(Problem to work on):
Exclude the images, then return every line below exactly as written.

(Raw data):
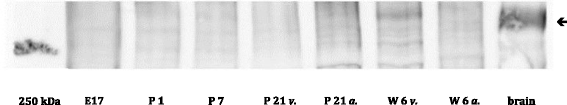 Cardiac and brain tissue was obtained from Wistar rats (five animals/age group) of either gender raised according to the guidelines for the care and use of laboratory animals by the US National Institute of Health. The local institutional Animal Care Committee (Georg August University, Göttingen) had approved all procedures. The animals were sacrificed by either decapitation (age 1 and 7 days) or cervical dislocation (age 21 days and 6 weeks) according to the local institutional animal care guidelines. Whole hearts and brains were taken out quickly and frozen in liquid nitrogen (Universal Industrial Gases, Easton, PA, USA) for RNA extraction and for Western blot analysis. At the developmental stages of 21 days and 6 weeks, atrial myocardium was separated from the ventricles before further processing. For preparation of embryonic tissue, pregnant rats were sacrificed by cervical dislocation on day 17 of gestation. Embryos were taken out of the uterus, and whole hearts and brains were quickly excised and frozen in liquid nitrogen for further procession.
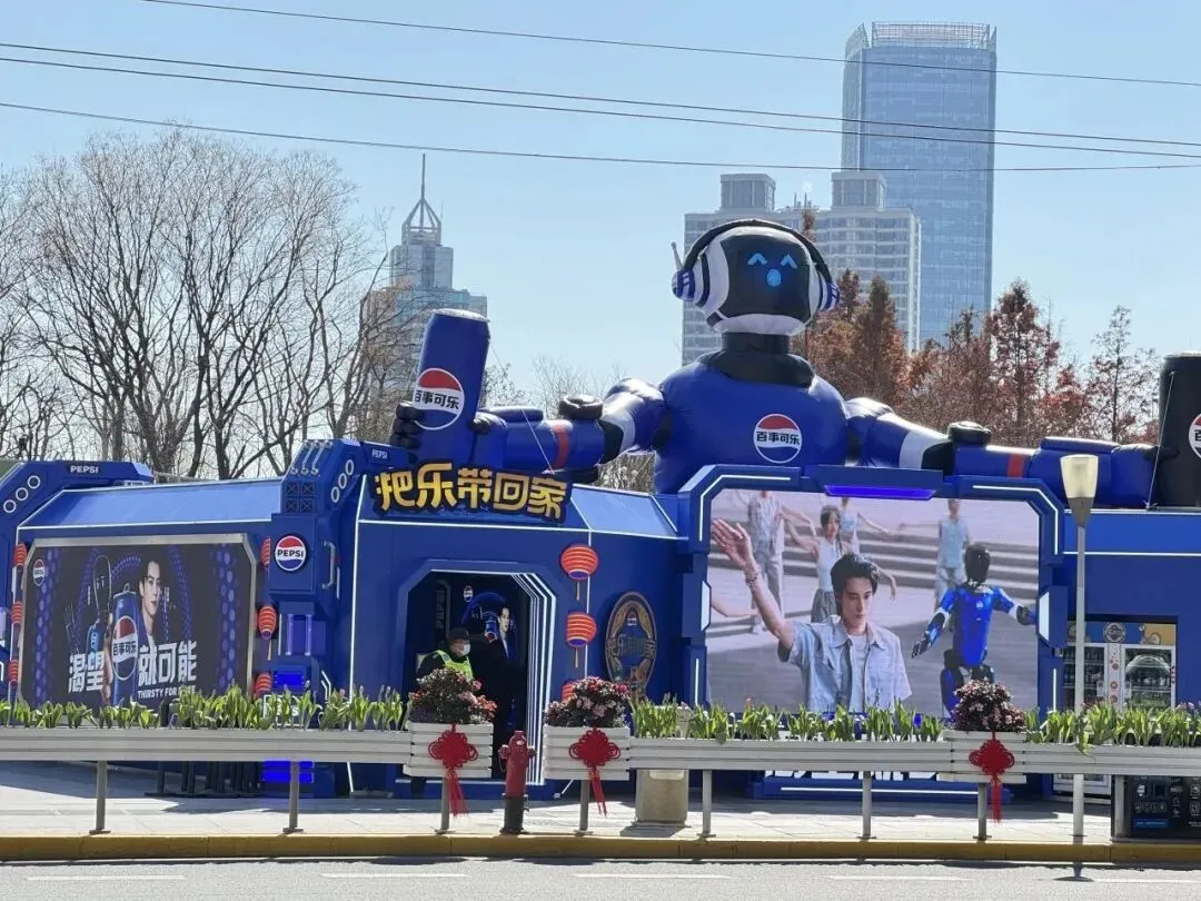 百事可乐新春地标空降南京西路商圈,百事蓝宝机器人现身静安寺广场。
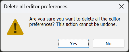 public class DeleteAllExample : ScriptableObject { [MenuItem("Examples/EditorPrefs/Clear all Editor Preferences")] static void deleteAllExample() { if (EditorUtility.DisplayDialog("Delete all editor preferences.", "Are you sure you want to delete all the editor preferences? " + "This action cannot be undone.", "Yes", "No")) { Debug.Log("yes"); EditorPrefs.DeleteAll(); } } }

(Exercise solution):
 Cardiac and brain tissue was obtained from Wistar rats (five animals/age group) of either gender raised according to the guidelines for the care and use of laboratory animals by the US National Institute of Health. The local institutional Animal Care Committee (Georg August University, Göttingen) had approved all procedures. The animals were sacrificed by either decapitation (age 1 and 7 days) or cervical dislocation (age 21 days and 6 weeks) according to the local institutional animal care guidelines. Whole hearts and brains were taken out quickly and frozen in liquid nitrogen (Universal Industrial Gases, Easton, PA, USA) for RNA extraction and for Western blot analysis. At the developmental stages of 21 days and 6 weeks, atrial myocardium was separated from the ventricles before further processing. For preparation of embryonic tissue, pregnant rats were sacrificed by cervical dislocation on day 17 of gestation. Embryos were taken out of the uterus, and whole hearts and brains were quickly excised and frozen in liquid nitrogen for further procession.
 百事可乐新春地标空降南京西路商圈,百事蓝宝机器人现身静安寺广场。
 public class DeleteAllExample : ScriptableObject { [MenuItem("Examples/EditorPrefs/Clear all Editor Preferences")] static void deleteAllExample() { if (EditorUtility.DisplayDialog("Delete all editor preferences.", "Are you sure you want to delete all the editor preferences? " + "This action cannot be undone.", "Yes", "No")) { Debug.Log("yes"); EditorPrefs.DeleteAll(); } } }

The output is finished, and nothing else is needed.